By the end of the testing, I was in doggy planning overdrive. I literally lay wide awake for half an hour before falling asleep that night, roughing out our schedule of events for the rest of the year. We have a lot to put on the calendar now. Because the thing is, we're in. We've done a real barn hunt competition. We've been invited back to the practice shows at the Kansas City training club. And now we have three CGC titles to brag about.


CGC may be rudimentary, but it is, in point of fact, an obedience titling program. I haven't earned any new obedience titles, at any level, on any dog, for three or four years.

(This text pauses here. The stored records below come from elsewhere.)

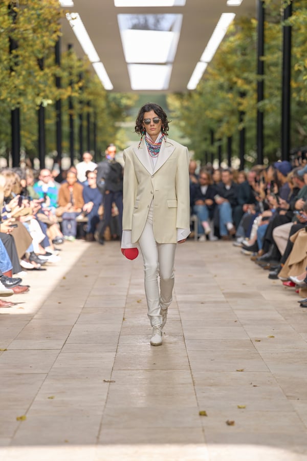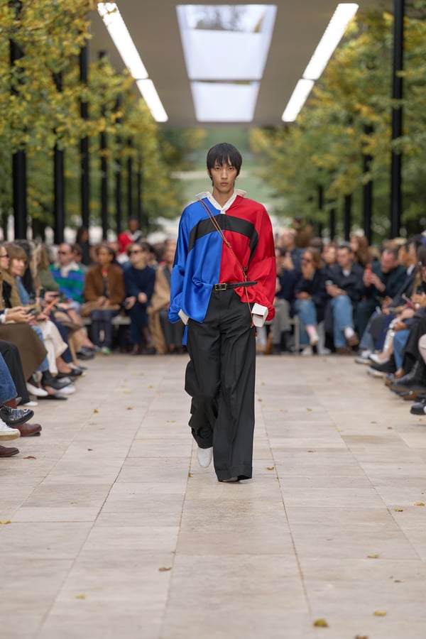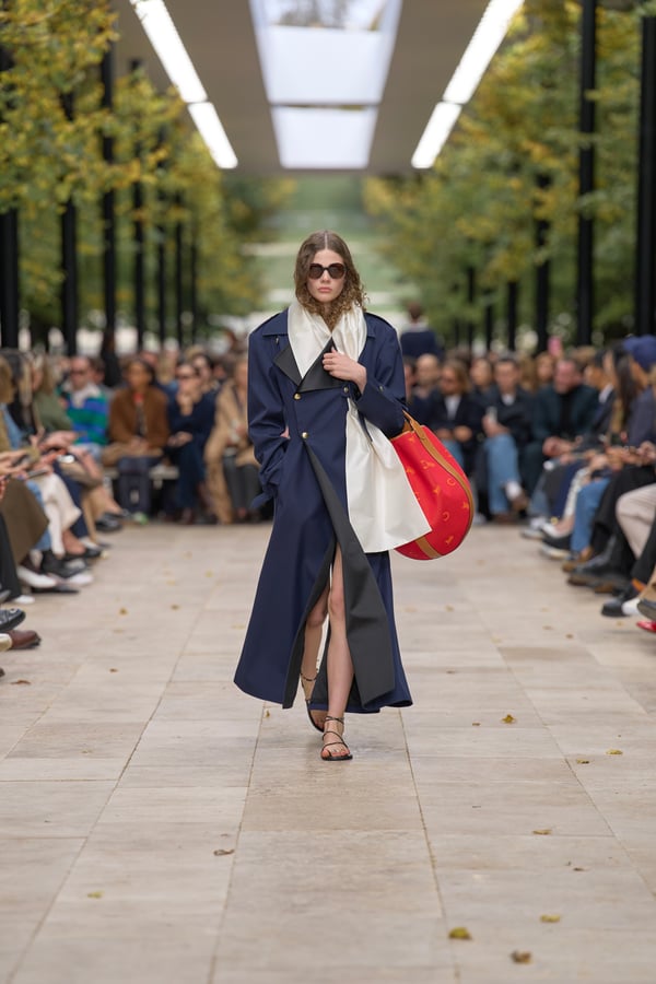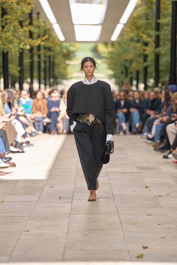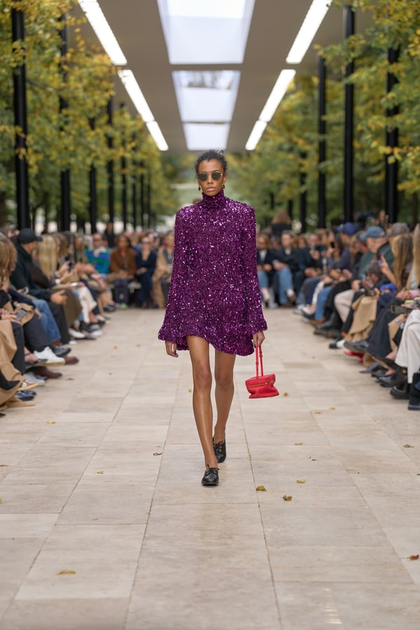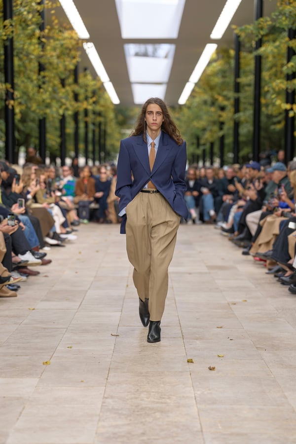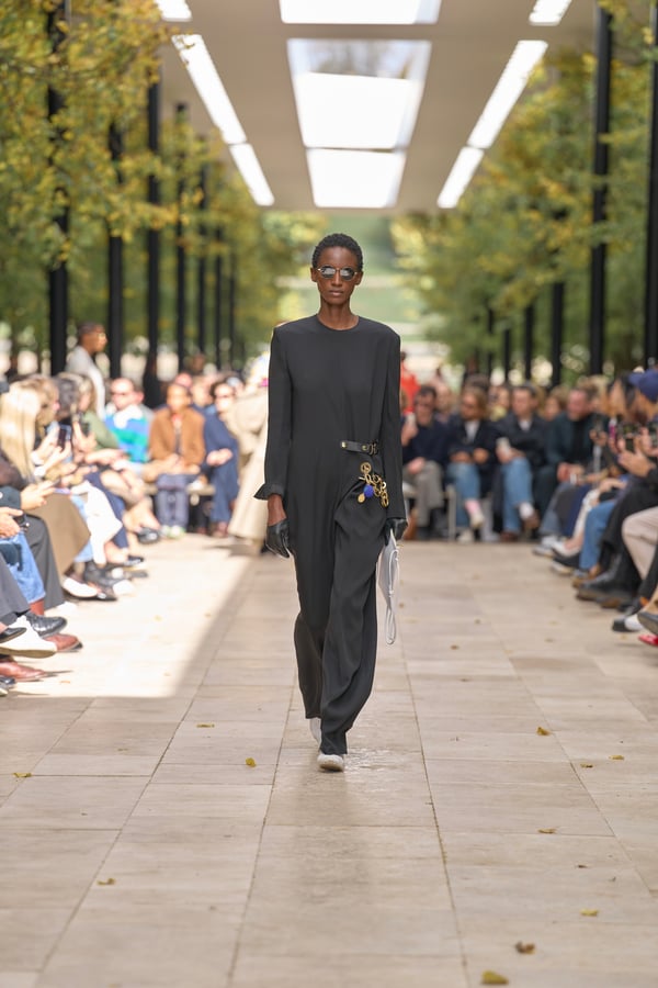 マイケル・ライダー(Michael Rider)による「セリーヌ(CELINE)」2026年サマーコレクションは、秋色に染まり始めた木々が揺れるパリ郊外のサン=クルー公園で披露された。前回7月に発表したデビューシーズンのスプリングコレクションからの“継続”とし、シルクスカーフや自転車のヘルメットなど、ブランドを象徴するアイテムが新たな解釈で登場。60年代風の花柄ミニドレスやショルダーパッドを効かせたジャケット、シルキーな素材のラグビーシャツなどが並び、鮮やかなスカーフをアクセントに都会的で洗練されたウェアラブルスタイルが披露された。
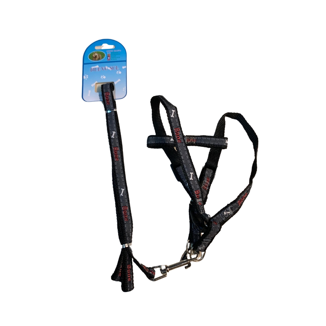 Llevá a tu perro a pasear con estilo y seguridad con este práctico pretal de jean con correa estampado de hueso.
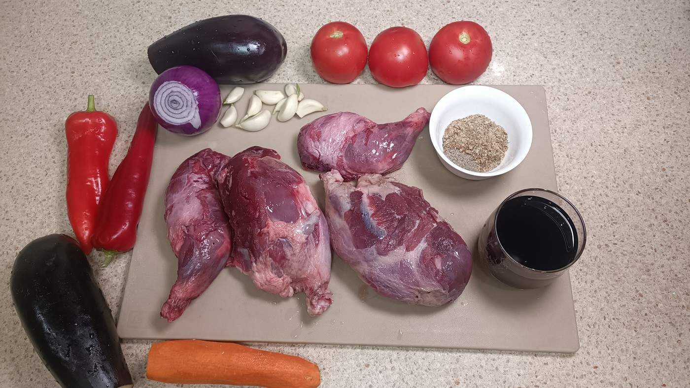 Для приготування 1,5 кг бобрятини потрібно 3–4 великих помідори, два солодкі перці типу «ромеро», 2 великі баклажани, одна велика морквина, одна велика червона цибулина, 200 мл червоного сухого вина, 8–9 зубчиків часнику або столова ложка з гіркою сухою “французьких” трав), сіль і чорний свіжомелений перець за смаком, 1 великий лимон або виноградний оцет для вимочування, олія для обсмажування.
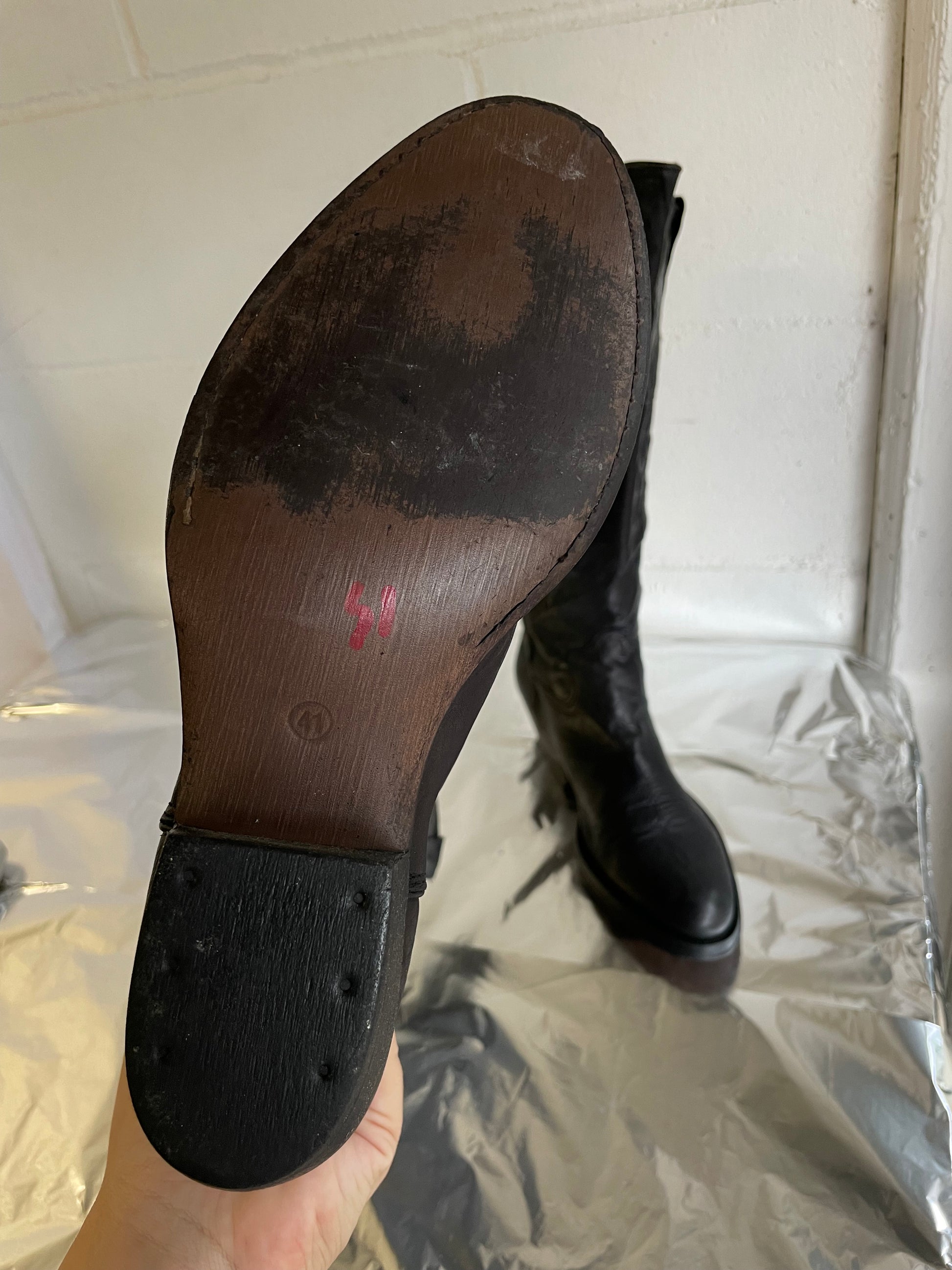 EU 41 - Texano vintage alto, vera pelle, punta arrotondata, tacco basso
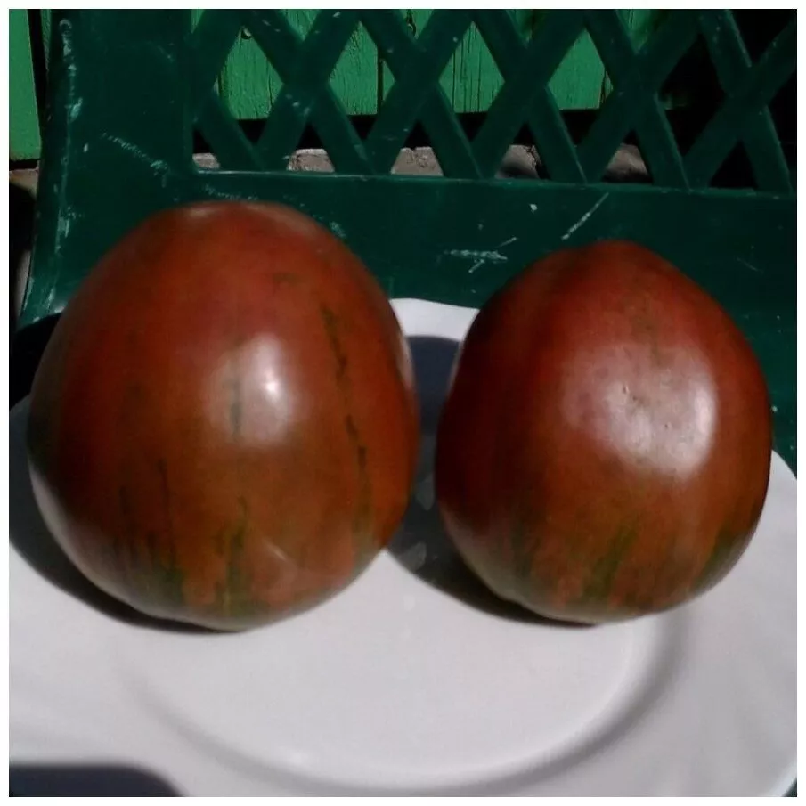 При полном биологическом созревании плод приобретает насыщенный шоколадно-пурпурный, почти черный оттенок. При этом «плечики» (область вокруг плодоножки) часто остаются зеленовато-бордовыми, что является сортовой особенностью, а не признаком незрелости. На срезе проявляется контрастная многоцветная мякоть — бархатисто-красная с изумрудными семенными камерами.

My motto for this year seems to be something to the effect of "You gotta start somewhere." I've said it. Our evaluator this afternoon said it. And I believe it. As basic and un-dazzling as a baby step might be, it will still take you somewhere. When you think about super high-level obedience titles -- like Utility Dog, and Utility Dog Excellent, and Obedience Trial Champion -- little old Canine Good Citizen titles don't really seem to mean much. But when you think about the disappointments and emptiness of lost months and lost years which those titles prove have been overcome, they can mean exponentially more.


My dogs and I are gaining momentum. We are digging in our heels and gaining ground. And we will get there. One step at a time. You do, after all, just gotta start somewhere. And we are well on our way.